A bancada BBB é da bala, do boi e da Bíblia. Ainda não foi preciso acrescentar o B dos bancos, que estão presentes, até indiretamente, mas de forma insignificante, porque atuam nos bastidores. As bancadas que decidiram o golpe são as do Brasil do atraso, dos senhores apresentados ao país em maio do ano passado, quando o processo contra Dilma foi aberto pela Câmara, e depois em agosto, quando o Senado consumou o ataque ao governo.

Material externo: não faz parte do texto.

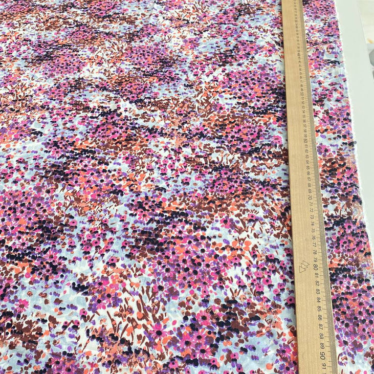 Будьте першим, хто залишив відгук на “Віскозний льон з розсипом міленьких квіточок кольору фуксіі та кориневатих листиків на світлому фоні”
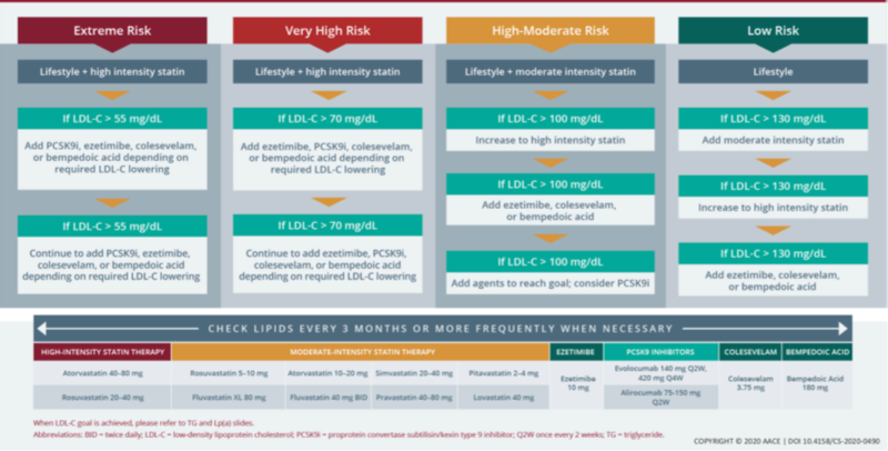 - Patients with extremely high risk (progressive ASCVD, coronary artery disease with CKD stage 3-4, diabetes or heterozygous familial hypercholesterolemia, history of premature ASCVD in females with age < 65 or males with age < 55 years) should be treated for LDL targets of < 55 mg/dL.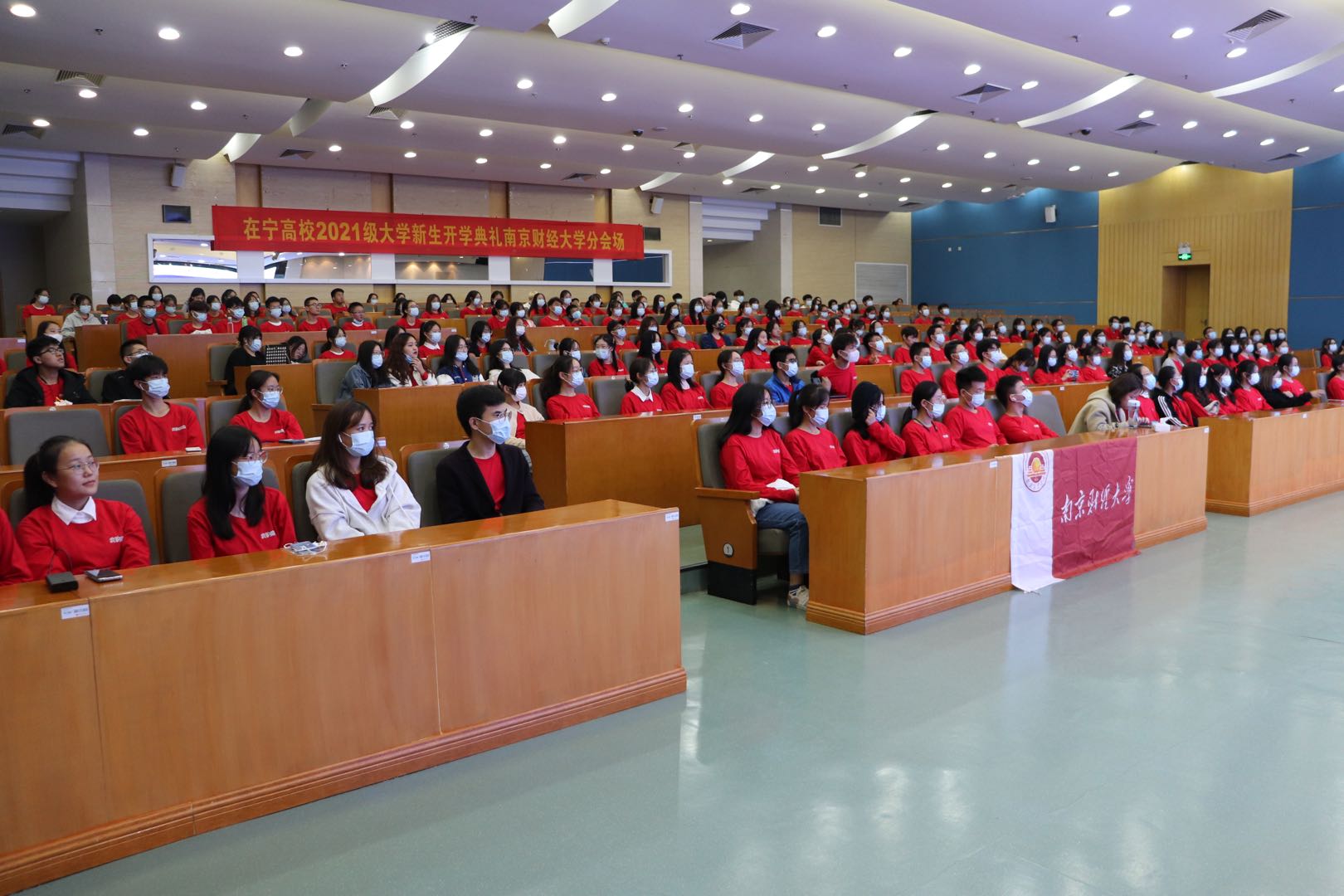 在仙林校区图书馆报告厅分会场,伟德官网新生代表们集中观看了开学典礼。在与主会场互动环节,当镜头切换到伟德bv国际体育分会场时,同学们精神昂扬向主会场挥手示意,向活动嘉宾和南京其他高校展示了南财学子们积极向上的精神面貌。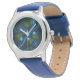 Kinderuhr aus Edelstahl mit blauem Lederarmband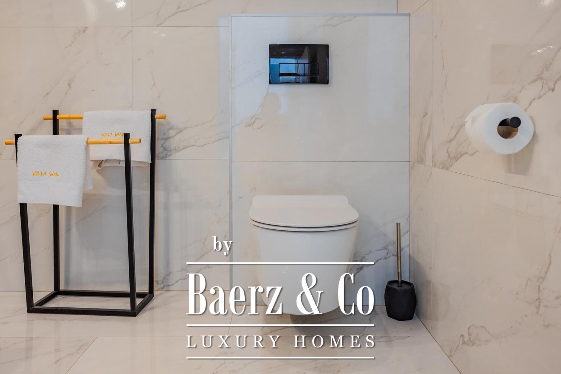 Op een perceel van 531 m² strekt de villa zich uit over drie verdiepingen, verbonden door een interne trap en lift, met circa 250 m² verfijnde leefruimte. De begane grond biedt een kinderkamer, een badkamer en een master suite met en suite badkamer, rondom een open keuken, eetruimte en royale woonkamer. De woonkamer grenst aan een aangelegde terrasvormige tuin, ingericht voor ontspanning en entertainment, compleet met zwembad, zonneterras met ligstoelen, overdekte lounge, bar, barbecue en een kinderspeelplaats.

Os porta-vozes da família, da ordem, de Deus e da moral derrubaram Dilma na câmara e no Senado e agora protegem Aécio e o jaburu. Por ação fisiológica, por recompensas diversas, em aliança com a parte ideológica da direita do Congresso. Eles foram e são os condutores do golpe.

Defendi esse ponto de vista nada original na sexta-feira, em debate do 1º Encontro Gaúcho pelo Direito à Comunicação, promovido pelo Comitê Gaúcho do Fórum Nacional pela Democratização da Comunicação (FNDC), CUT-RS, Sindicato dos Jornalistas, Sindsepe-RS e Fabico da UFRGS.

Falo disso agora porque o jornalista e cientista político André Singer, ex-porta-voz de Lula, estudioso do lulismo, escreveu na mesma linha seu artigo de sábado na Folha. Dilma foi golpeada pelo que temos de mais reacionário no Congresso, pela parcela manobrável que ela mesma subestimou ao enfrentar o poder de Eduardo Cunha.

Dilma não perdeu para o sistema financeiro mundial, perdeu para a base do novo escravismo, para os destruidores das florestas, grileiros, coronéis, jagunços rurais e urbanos, para os que defendem a eliminação de pequenos bandidos (e a proteção dos grandes), dos que estimulam e financiam, em nome de Deus, a perseguição a negros, gays, exposições, professores, artistas. Singer prevê que estes mesmos deputados e senadores ou seus similares estarão de volta na eleição de 2018.

Por isso, colocar a culpa no sistema financeiro é tentar sofisticar o golpe. Fomos todos golpeados pela chinelagem. Claro que a evolução do golpismo se dará com eles e com todos os que sustentaram o teatro de maio e agosto, incluindo parte do Judiciário (e o que é mais alarmante agora, com o suporte policialesco que intensifica a perseguição aos movimentos sociais, ao lado das milícias fascistas).

Mas o golpe mesmo foi aplicado e é liderado pelo Brasil arcaico que não precisa se submeter às ordens de ninguém.

 

One thought on “O GOLPE DOS JAGUNÇOS E DOS CORONÉIS

  1. Ainda que se admita que foi apenas “coisa nossa”, há que ponderar o que veio depois: vendas do pré-sal, mais privatizações, pressões sobre os Estados endividados para privatizar suas estatais também, desmanche das leis trabalhistas e da previdência social e, pior, desvio dos recursos para a escolas públicas e universidades, além dos novos currículos escolares esfacelados!